Exercise details
Write out, exactly and only, the lines that run from the top of the records to the line with "Add a touch". Include both ends; exclude pictures.

*** Opening Given information ***

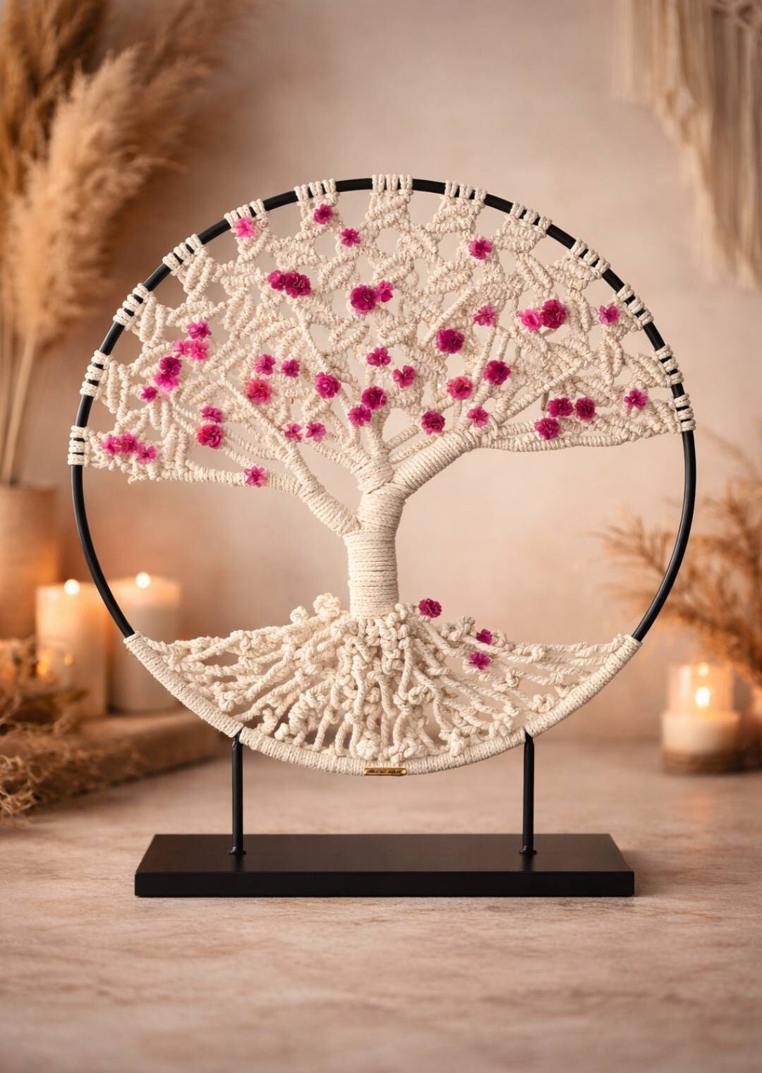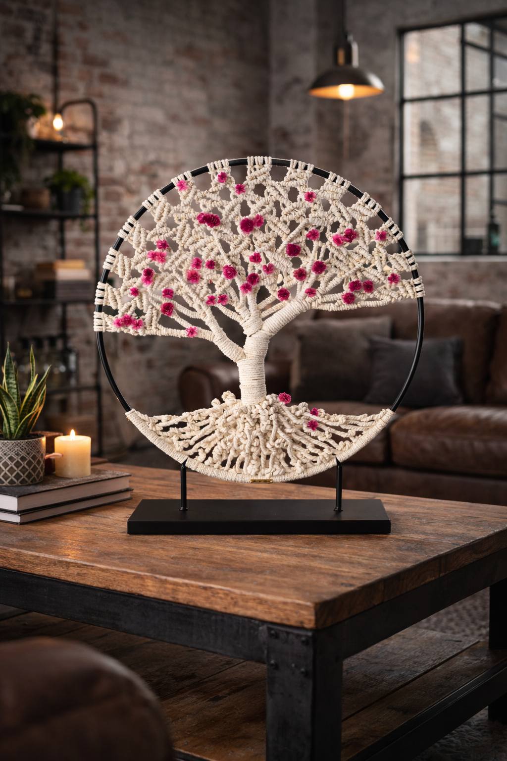 Son mélange de macramé contemporain avec son socle métallique et ses fleurs délicates lui permet de trouver sa place aussi bien dans un intérieur bohème et naturel que dans un univers plus industriel.
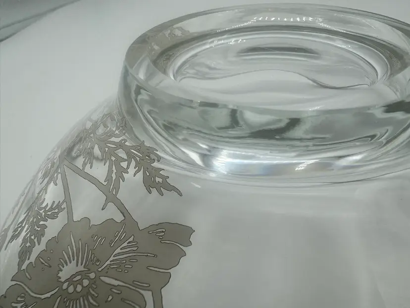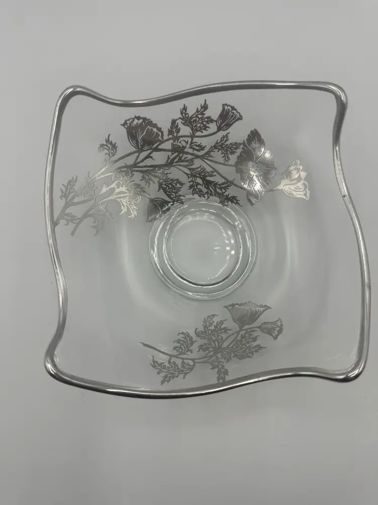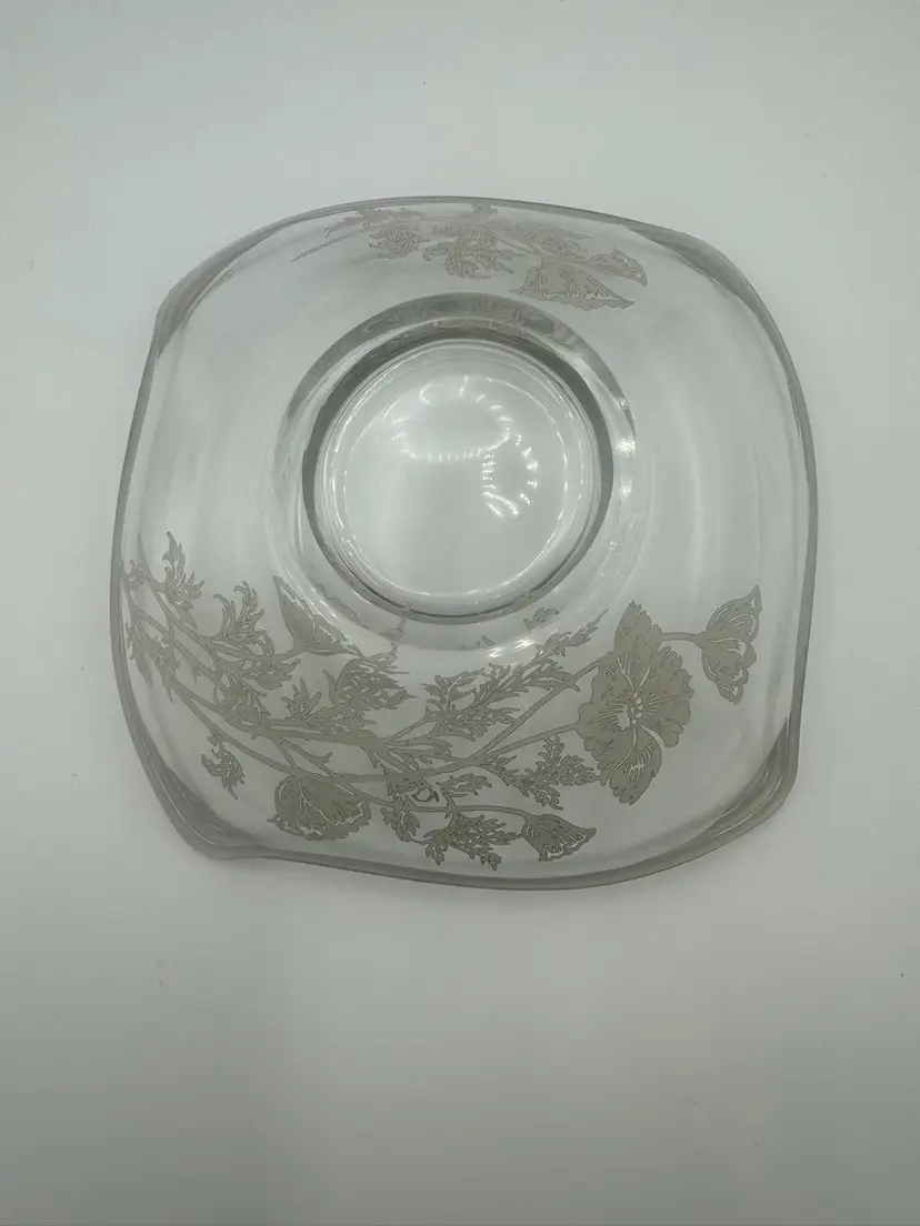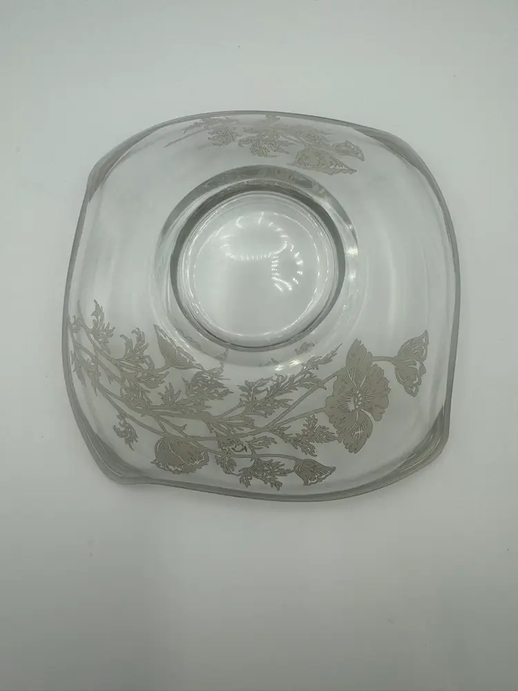 Add a touch of vintage charm to your table setting with this elegant round glass bowl from Flanders. The bowl features a beautiful silver city poppy design and is made of high-quality sterling silver overlay material. Perfect for all occasions, this bowl is a great addition to your mid-century modern and retro decor collection. As this condition. Has chip on the bottom rim. Not sharp at all and does not take away from the beauty of the dish. Can’t see when it’s sitting. Please see photos. Measures 2 3/4" X 7 1/2"
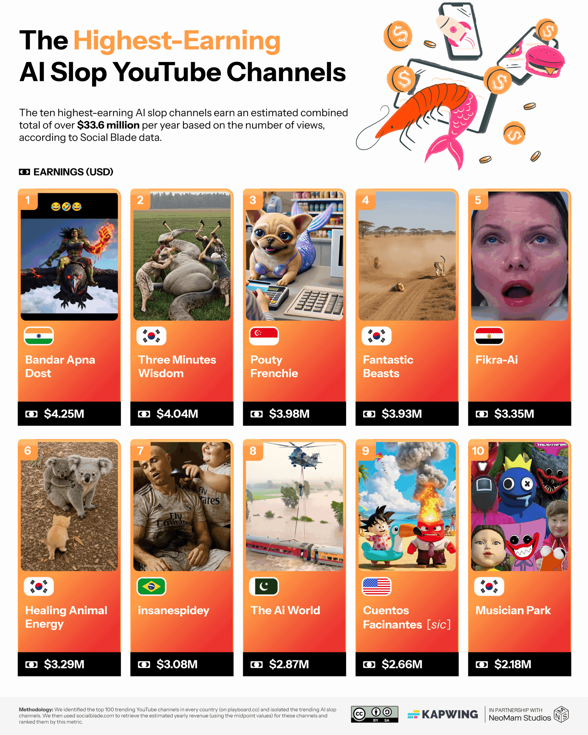 Ob diese Häufigkeit das Ergebnis von YouTubes Algorithmus ist oder schlicht die Menge hochgeladener Slop-Videos widerspiegelt, kann laut Kapwing nur Google selbst beantworten. Eine Analyse des Guardian aus dem August ergab, dass fast jeder zehnte der am schnellsten wachsenden YouTube-Kanäle weltweit ausschließlich KI-generierte Inhalte zeigt.
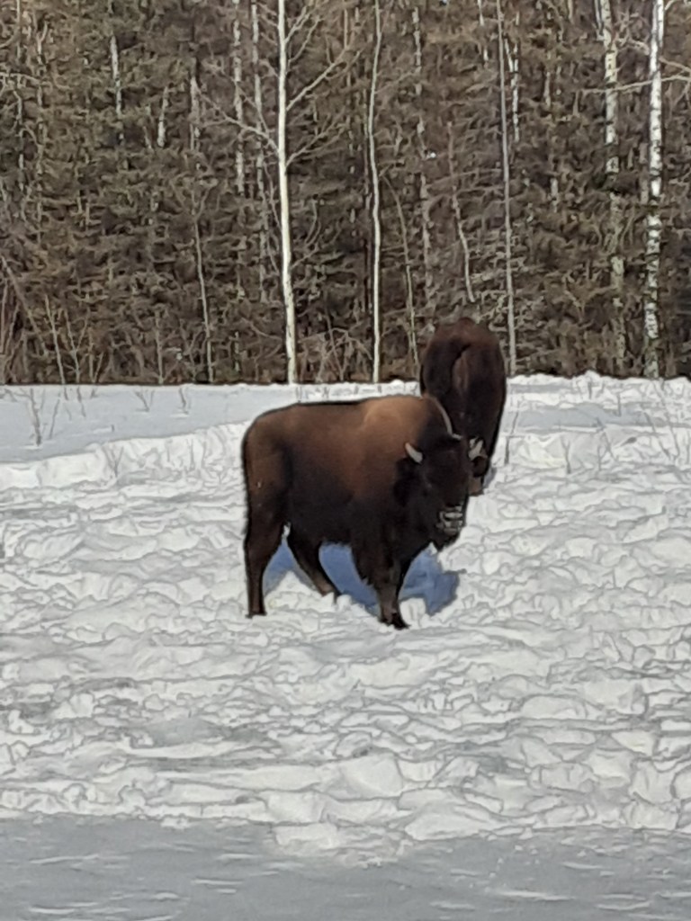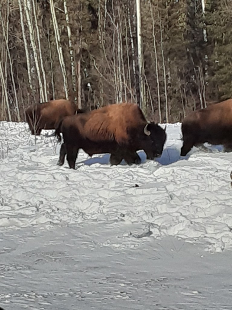 In the 136 miles between the hot springs and Watson Lake we saw 103 (or was it 106?) Wood Bison! The largest group was 53 which included calves.
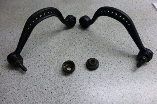 Die Koppelstangen stellen die Verbindung zwischen den beiden Federbeinen und dem Querlenker her. Die Gummimanschetten werden mit der Zeit brüchig, die Lager schlagen aus.
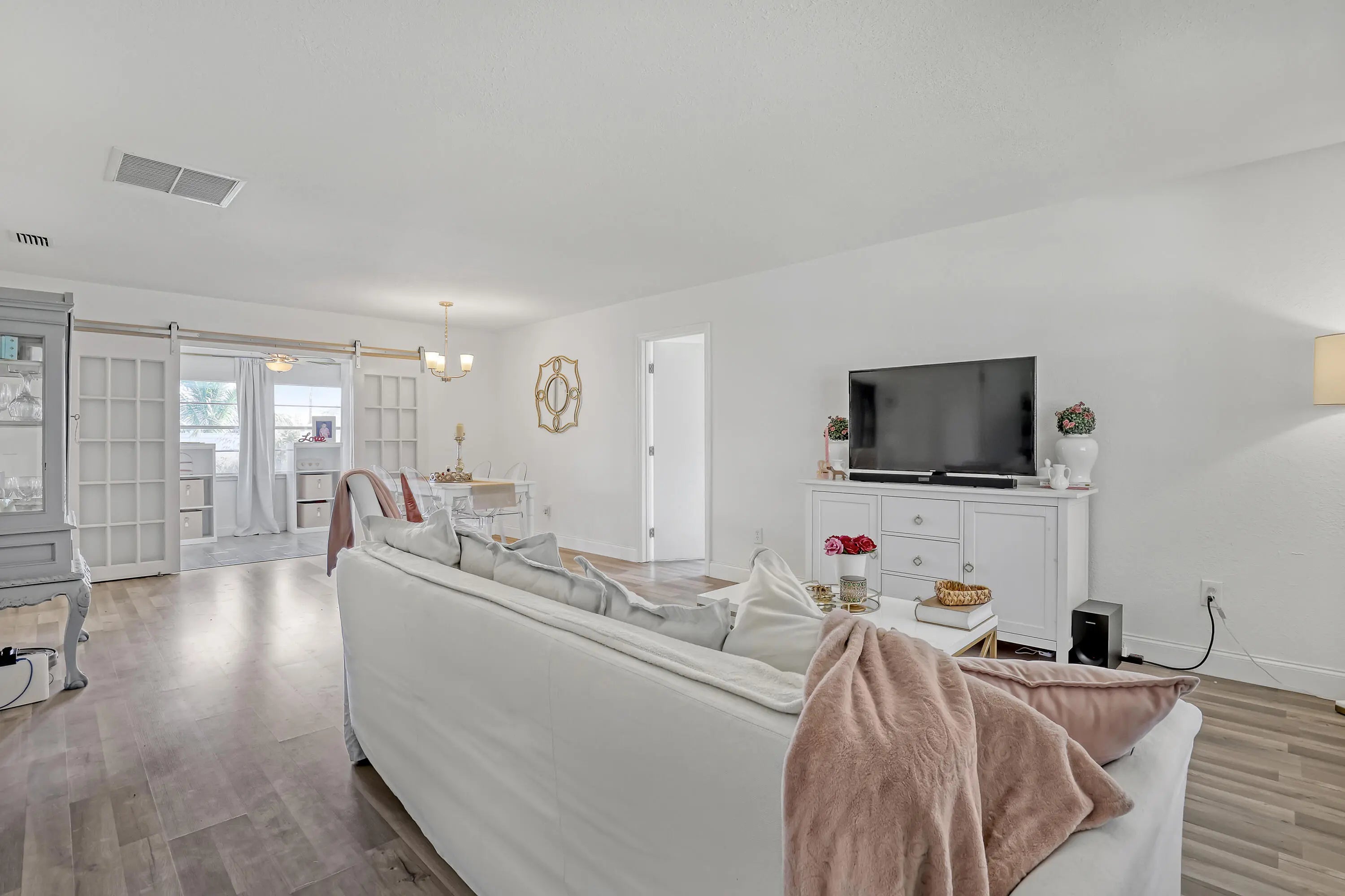 2 BD 2 BA Plus Florida Room & 2 Car Garage. New Roof (2024). Updates completed in 2023 include: A/C; Garage Door; Kitchen (granite countertops, cabinets, & SS appliances); Bathrooms (Complete); New Flooring throughout. Easy to Close Accordion Shutters. All sizes are approximate. **Draperies Are Not Included**

*** Closing Given information ***

Response
 Son mélange de macramé contemporain avec son socle métallique et ses fleurs délicates lui permet de trouver sa place aussi bien dans un intérieur bohème et naturel que dans un univers plus industriel.
 Add a touch of vintage charm to your table setting with this elegant round glass bowl from Flanders. The bowl features a beautiful silver city poppy design and is made of high-quality sterling silver overlay material. Perfect for all occasions, this bowl is a great addition to your mid-century modern and retro decor collection. As this condition. Has chip on the bottom rim. Not sharp at all and does not take away from the beauty of the dish. Can’t see when it’s sitting. Please see photos. Measures 2 3/4" X 7 1/2"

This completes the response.